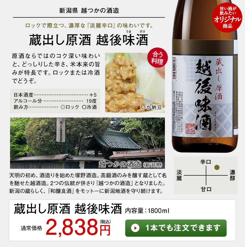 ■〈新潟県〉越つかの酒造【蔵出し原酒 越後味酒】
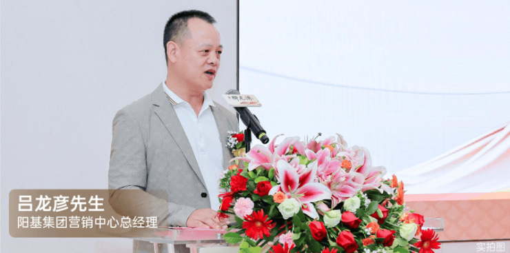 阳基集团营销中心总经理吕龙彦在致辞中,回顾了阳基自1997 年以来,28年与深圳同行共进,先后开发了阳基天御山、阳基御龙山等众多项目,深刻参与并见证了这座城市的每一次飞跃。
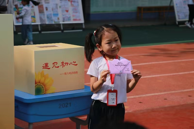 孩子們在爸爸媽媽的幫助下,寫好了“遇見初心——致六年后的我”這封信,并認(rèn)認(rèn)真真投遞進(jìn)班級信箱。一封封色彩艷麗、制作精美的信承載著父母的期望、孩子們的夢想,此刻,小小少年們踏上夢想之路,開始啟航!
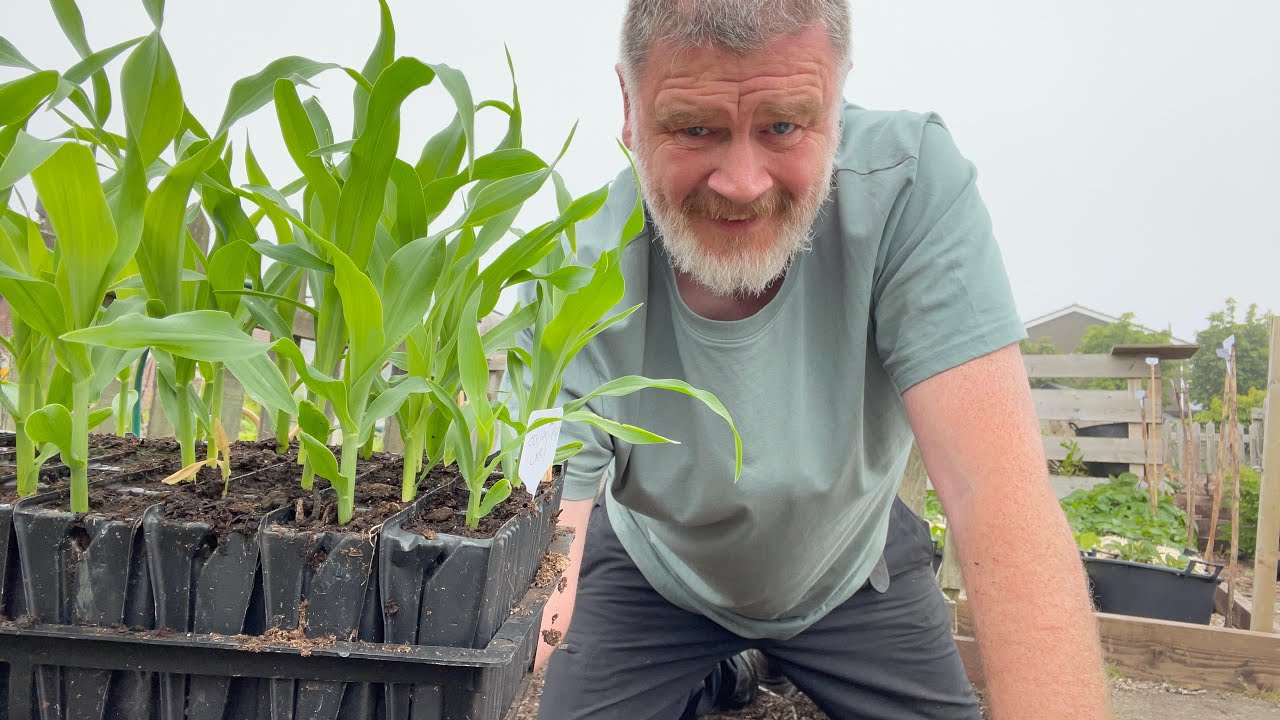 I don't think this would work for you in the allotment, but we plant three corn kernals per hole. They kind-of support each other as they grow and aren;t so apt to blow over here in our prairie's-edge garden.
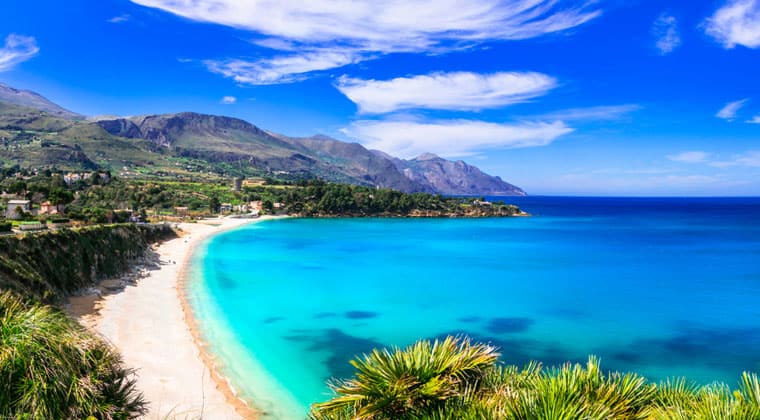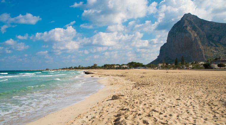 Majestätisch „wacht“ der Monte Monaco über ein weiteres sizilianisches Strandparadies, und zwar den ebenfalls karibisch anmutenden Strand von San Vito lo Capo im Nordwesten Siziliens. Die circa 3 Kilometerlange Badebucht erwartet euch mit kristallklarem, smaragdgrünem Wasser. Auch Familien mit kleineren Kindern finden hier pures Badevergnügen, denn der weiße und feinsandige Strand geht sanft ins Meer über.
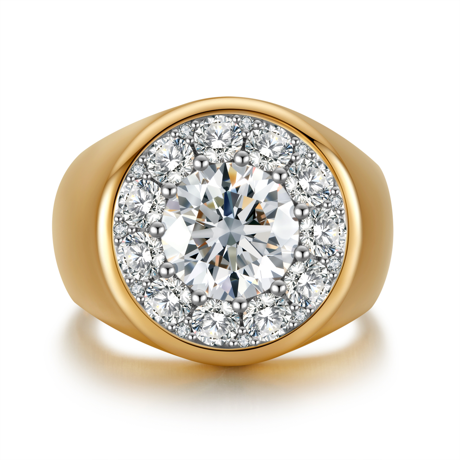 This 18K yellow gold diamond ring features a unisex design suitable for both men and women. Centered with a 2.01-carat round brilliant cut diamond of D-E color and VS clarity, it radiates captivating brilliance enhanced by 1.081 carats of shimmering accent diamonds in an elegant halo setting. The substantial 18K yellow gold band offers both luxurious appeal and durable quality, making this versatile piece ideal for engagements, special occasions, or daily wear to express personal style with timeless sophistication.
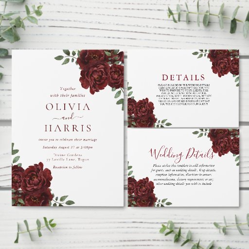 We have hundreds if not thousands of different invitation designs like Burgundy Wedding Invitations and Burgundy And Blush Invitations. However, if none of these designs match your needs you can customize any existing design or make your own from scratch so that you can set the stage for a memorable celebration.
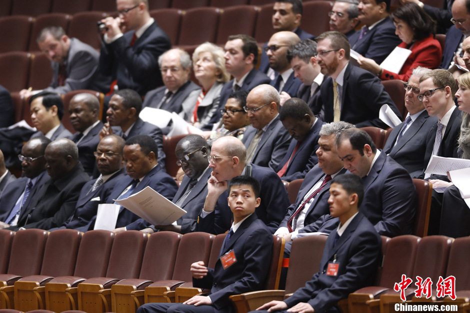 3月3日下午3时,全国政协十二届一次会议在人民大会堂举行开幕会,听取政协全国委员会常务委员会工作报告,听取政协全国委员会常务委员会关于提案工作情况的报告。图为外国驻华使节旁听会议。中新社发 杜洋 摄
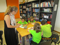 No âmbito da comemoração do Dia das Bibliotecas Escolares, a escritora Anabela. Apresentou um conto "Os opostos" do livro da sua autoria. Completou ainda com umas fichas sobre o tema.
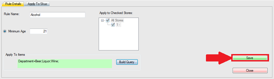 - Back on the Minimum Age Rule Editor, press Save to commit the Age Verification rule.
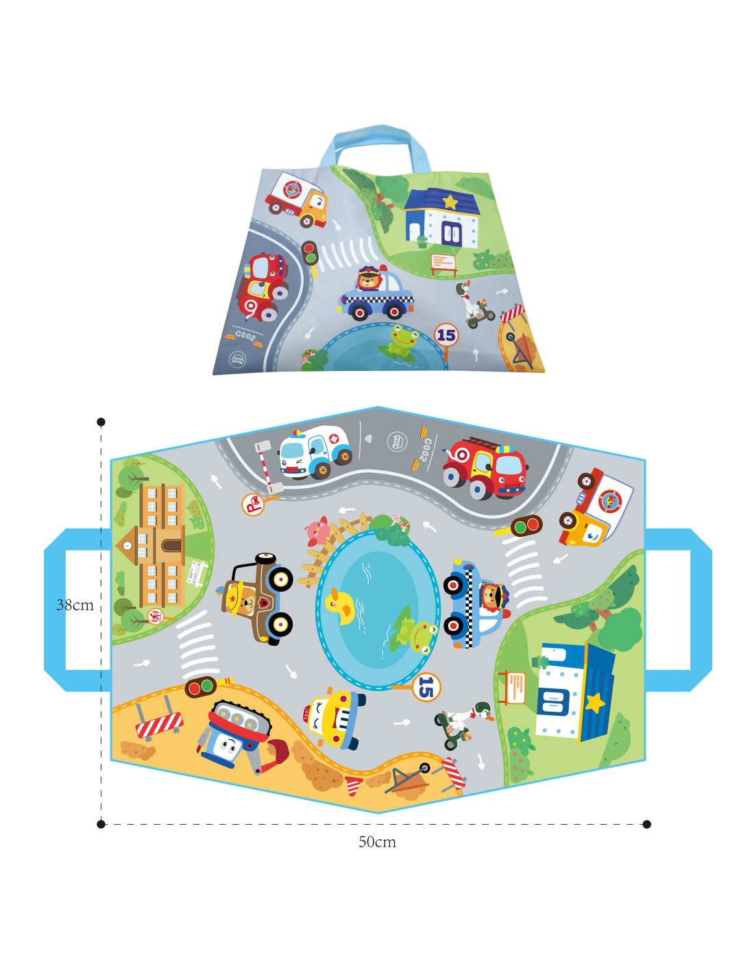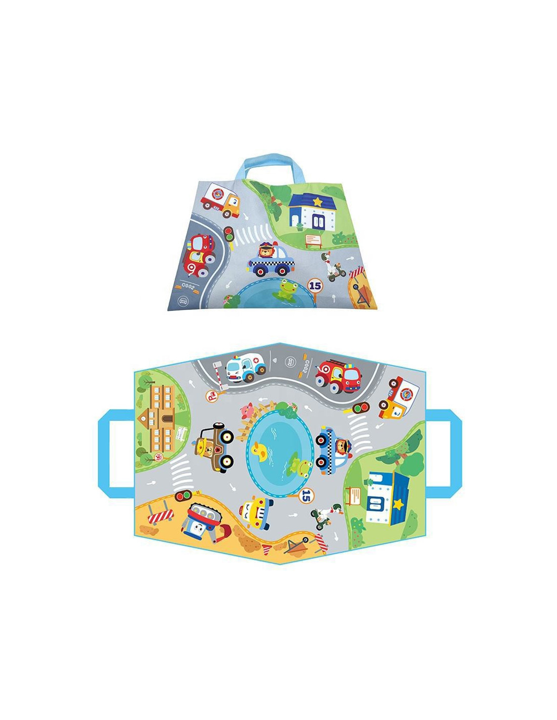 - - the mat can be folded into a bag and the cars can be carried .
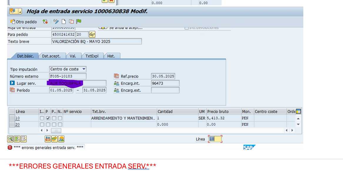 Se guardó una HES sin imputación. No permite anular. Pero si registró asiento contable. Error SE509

· · ·

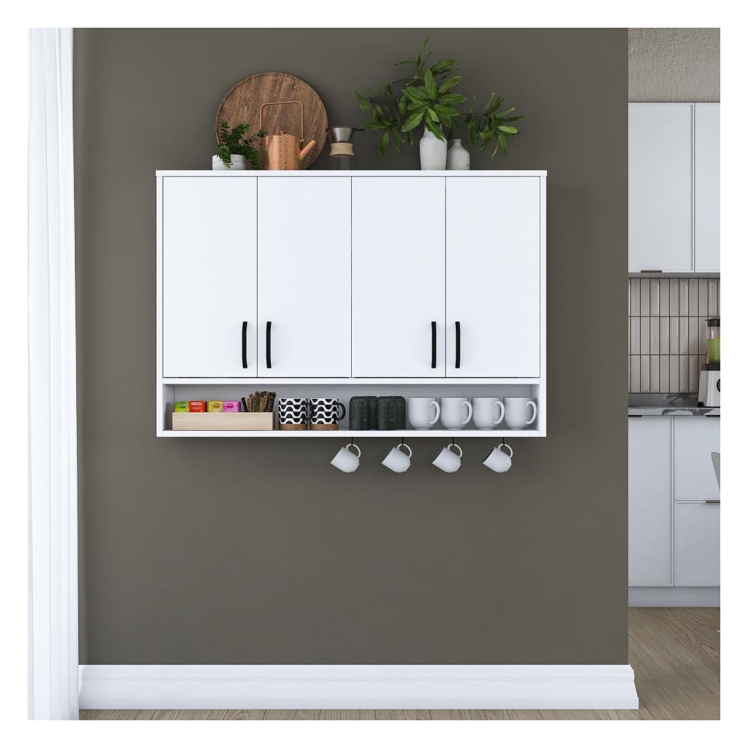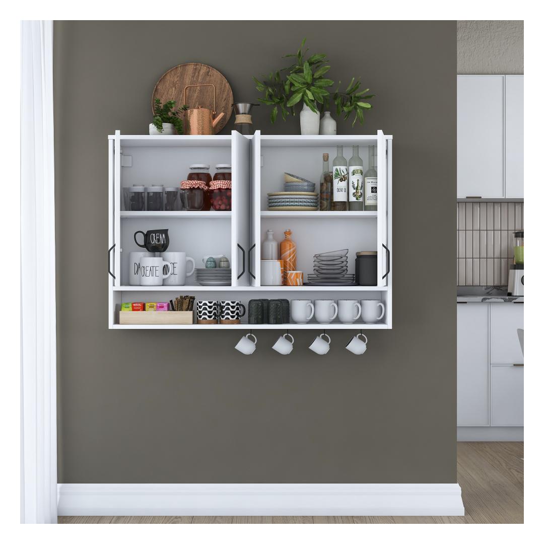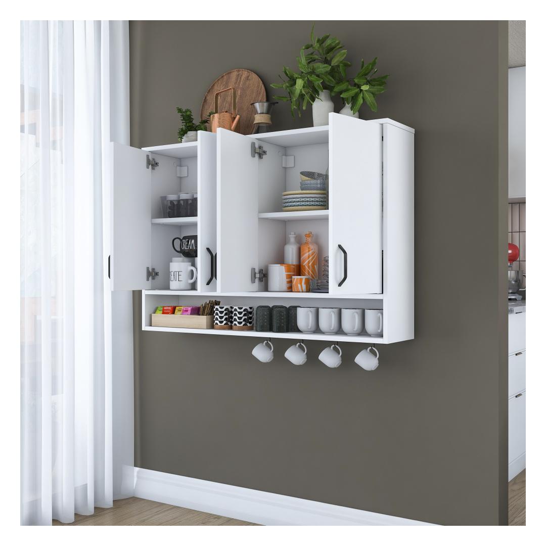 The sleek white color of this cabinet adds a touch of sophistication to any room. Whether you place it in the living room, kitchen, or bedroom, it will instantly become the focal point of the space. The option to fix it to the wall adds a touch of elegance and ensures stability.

· · ·

■ **Task objective**
When you reach the line with "阳基集团营销中心总经理吕龙彦" in the records above, begin repeating the lines exactly, and stop after the line with "I don't think". Skip all pictures.

■ **Answer to the exercise**
 阳基集团营销中心总经理吕龙彦在致辞中,回顾了阳基自1997 年以来,28年与深圳同行共进,先后开发了阳基天御山、阳基御龙山等众多项目,深刻参与并见证了这座城市的每一次飞跃。
 孩子們在爸爸媽媽的幫助下,寫好了“遇見初心——致六年后的我”這封信,并認(rèn)認(rèn)真真投遞進(jìn)班級信箱。一封封色彩艷麗、制作精美的信承載著父母的期望、孩子們的夢想,此刻,小小少年們踏上夢想之路,開始啟航!
 I don't think this would work for you in the allotment, but we plant three corn kernals per hole. They kind-of support each other as they grow and aren;t so apt to blow over here in our prairie's-edge garden.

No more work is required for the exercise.